**ASSIGNMENT**
Beginning with the line that contains "2) расщепление по", write out each remaining line of the records below exactly. Do not copy any picture.

━━━━━ DATA IN THIS EXERCISE ━━━━━

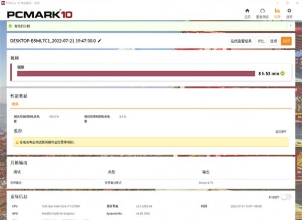 终极,这款笔记本在PCMARK 10视频播放续航项目测试中,实现了8个小时53分的成绩,体现不错。
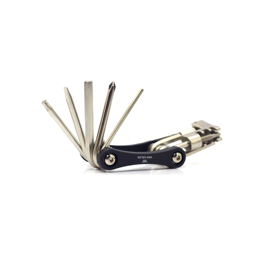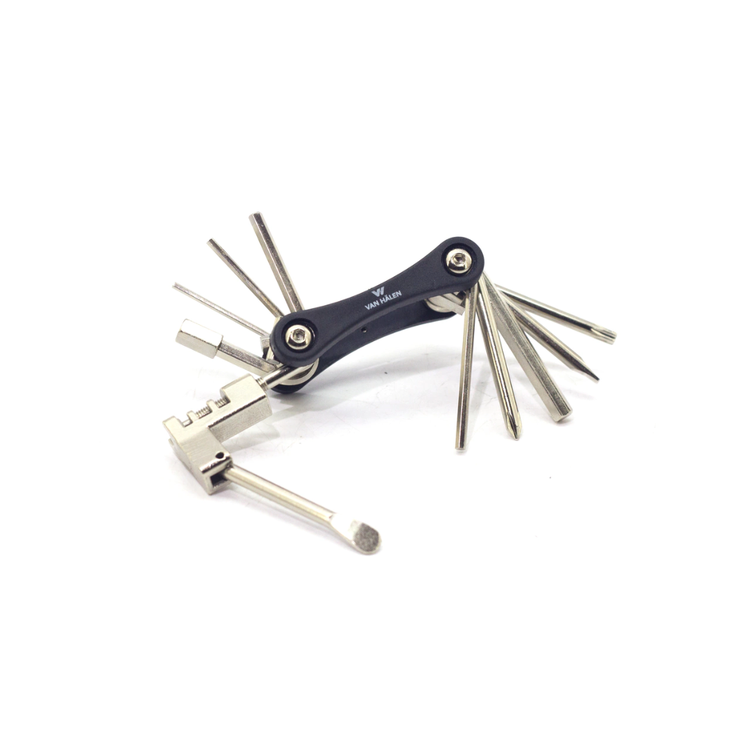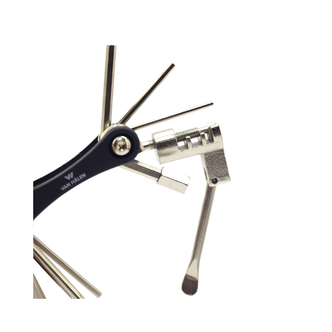 La Multiherramienta Van Halen VAN454 TOOL 12 IN 1 es una solución compacta y versátil para ciclistas y mecánicos. Incluye 12 herramientas esenciales como llaves Allen de varios tamaños, destornilladores, llave de cadena y más, todo en un diseño ergonómico y resistente. Fabricada en acero de alta calidad, garantiza durabilidad y eficiencia en cada ajuste, ideal para reparaciones rápidas y mantenimiento en ruta.
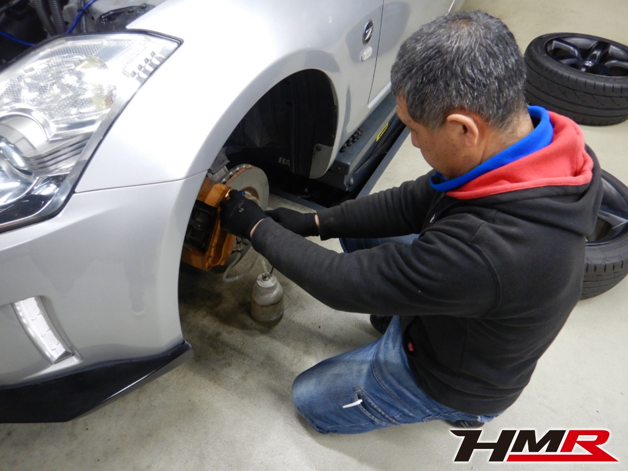 HMR(エイチエムアール)の柏崎です。今回はフジツボマフラー ニスモS-tuneサス装着した日産 フェアレディZ 3.5 バージョン Sの納車前点検整備を行いました。作業担当はメカニックの渡辺です。
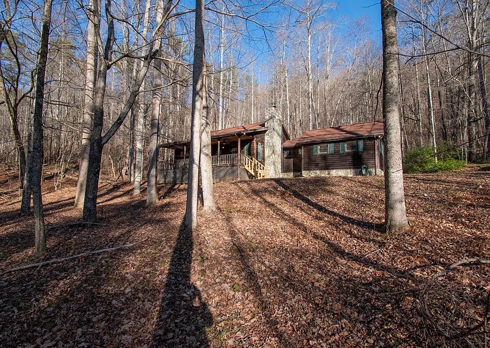 Let it be all about nature & privacy on these 1.29 level wooded acres in the gated community of Wolf Mountain with Wolf Creek running through the lot. The 2 bedroom 2 bath cabin w/loft & bonus rm sets back off of the paved subdivision road and is nestled in the trees with a front porch & a back deck to draw you out to breathe in the mountain air & take in the tranquility of the setting. The stone fireplace in the living room will become the gathering place during these cooler months, your kitchen with granite countertops & dining are close at hand to keep everyone connected. The loft provides you the option for a family room, a library or more sleeping accommodations & has your 2nd BA.
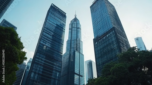 Fototapeta premium A low angle view of modern skyscrapers in a city with a clear blue sky.
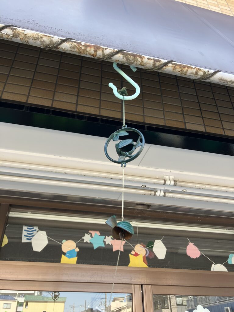 玄関前に風鈴を吊るして、風鈴の音を聞いてもらっています。
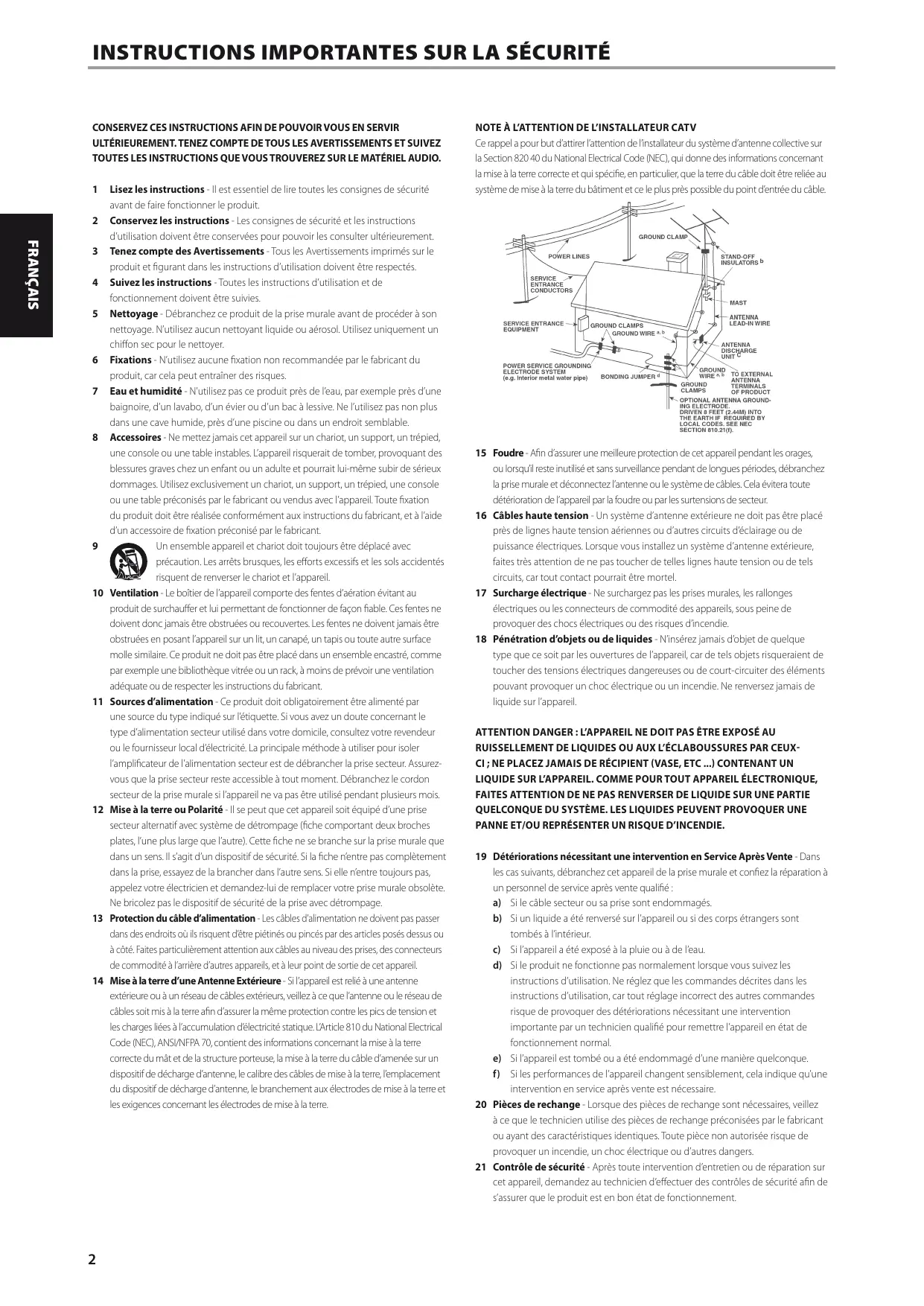 CONSERVEZ CES INSTRUCTIONS AFIN DE POUVOIR VOUS EN SERVIR ULTERIEUREMMENT. TENEZ COMPTE DE TOUS LES AVERTISSEMENTS ET SUIVEZ TOUTES LES INSTRUCTIONS QUE VOUS TROUVEREZ SUR LE MATRIEL AUDIO.
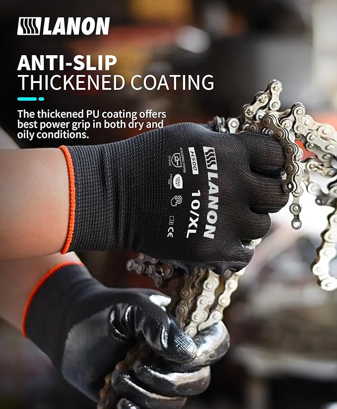 • Next-level Performance - LANON work gloves are certificated by CE, with Standards EN 388:2016, EN 420, and meet CA Prop.65 regulations for phthalates. We guarantee your 100% satisfaction with our products. If you are not satisfied with our products, please feel free to contact us and we will provide free returns or size exchanges.
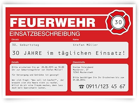 Einladungskarten Zum Geburtstag 50 Stuck Als Feuerwehr Einsatz Rot Feuer Feuerwache Amazon De Kuche Haushalt
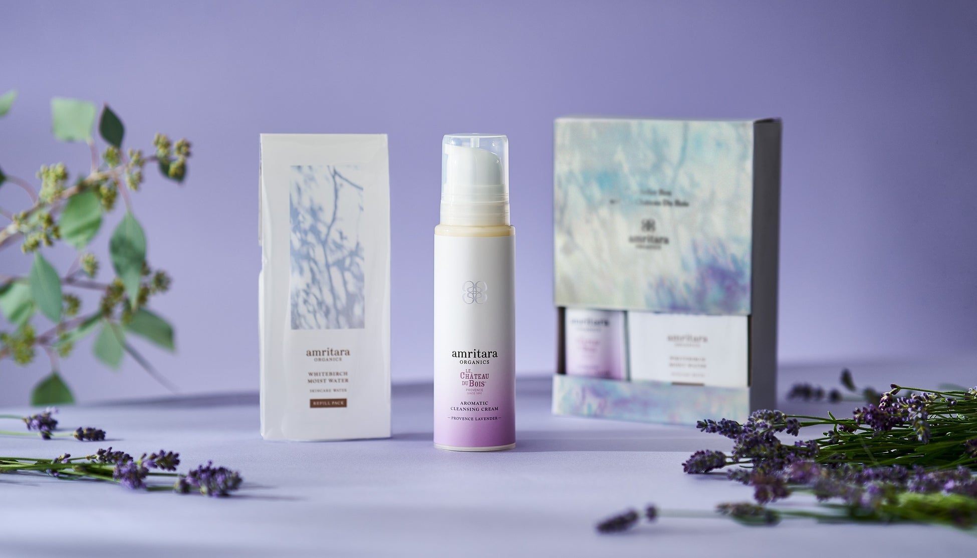 アムリターラを代表する「アロマティック クレンジング クリーム」に、シャトー·デュ·ボワのトゥルーラベンダーの精油を配合。ひときわ華やかで芳醇なラベンダーの香りをお楽しみいただけます。
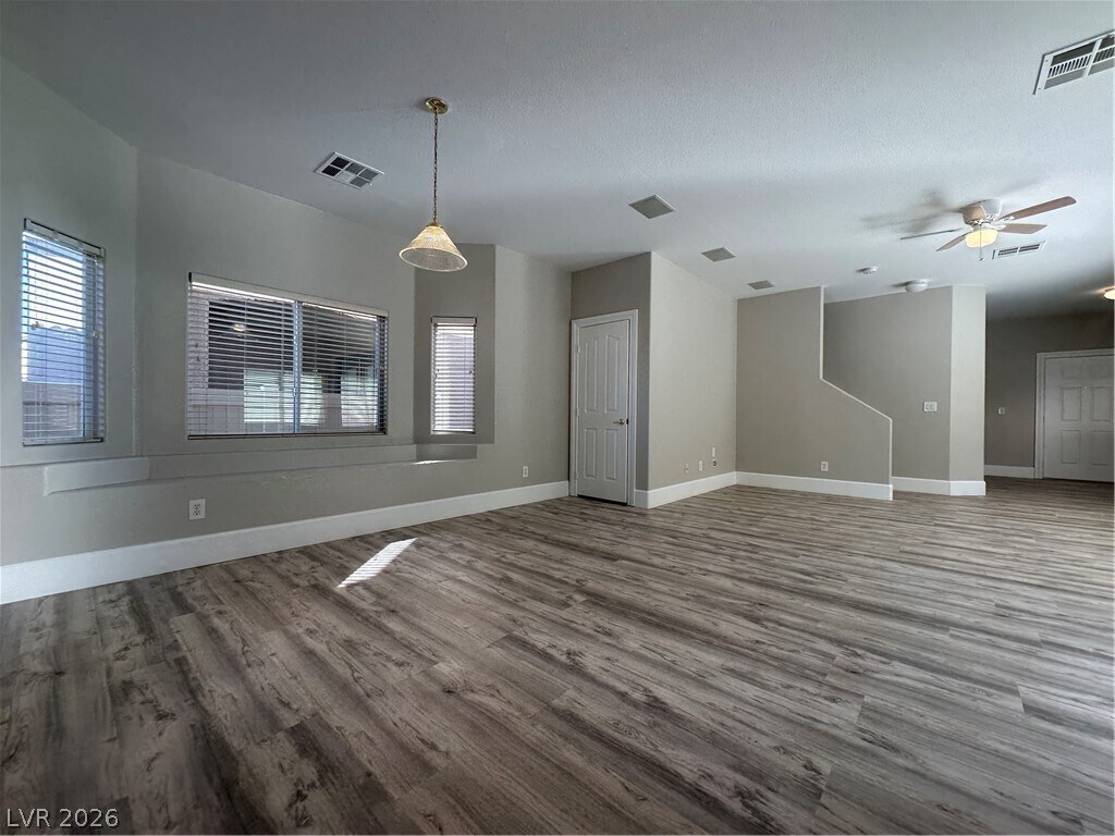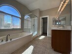 Well-maintained two-story home featuring a spacious and functional layout with modern updates throughout. Interior highlights include wood-style flooring, neutral paint, and abundant natural light. The kitchen offers granite countertops, ample cabinetry, and stainless steel appliances, opening to the main living area. Upstairs includes generously sized bedrooms, including a primary suite with two walk-in closets and an en-suite bath with dual sinks, soaking tub, and separate shower. The home also features a dedicated laundry room with washer and dryer, updated lighting, and plenty of storage. Exterior offers low-maintenance desert landscaping, a private driveway, and a two-car garage. Small dogs welcomed.
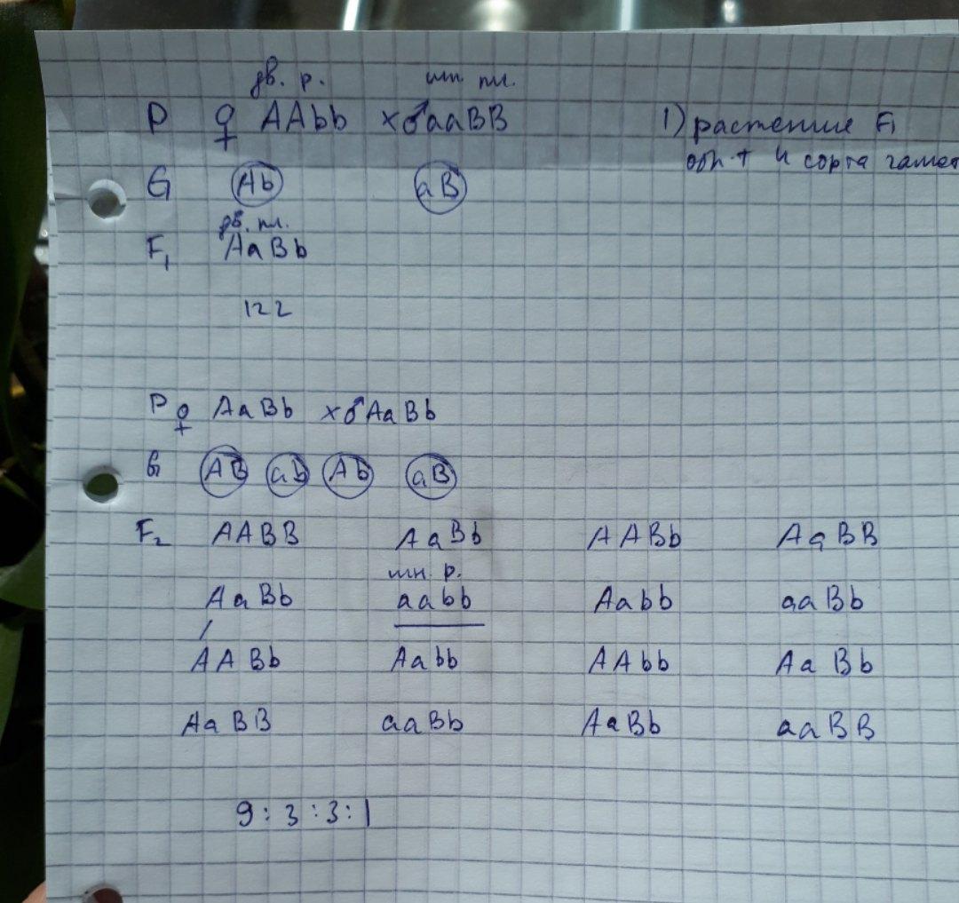 2) расщепление по фенотипу 9:3:3:1, такой признак у одного растения
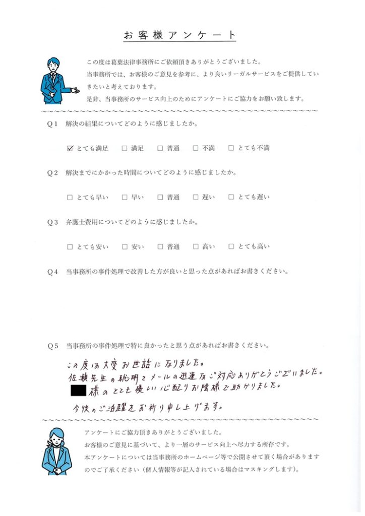 (女性事務員)様のとても優しい心配りお陰様で助かりました。

━━━━━

**ANSWER BOX**
 2) расщепление по фенотипу 9:3:3:1, такой признак у одного растения
 (女性事務員)様のとても優しい心配りお陰様で助かりました。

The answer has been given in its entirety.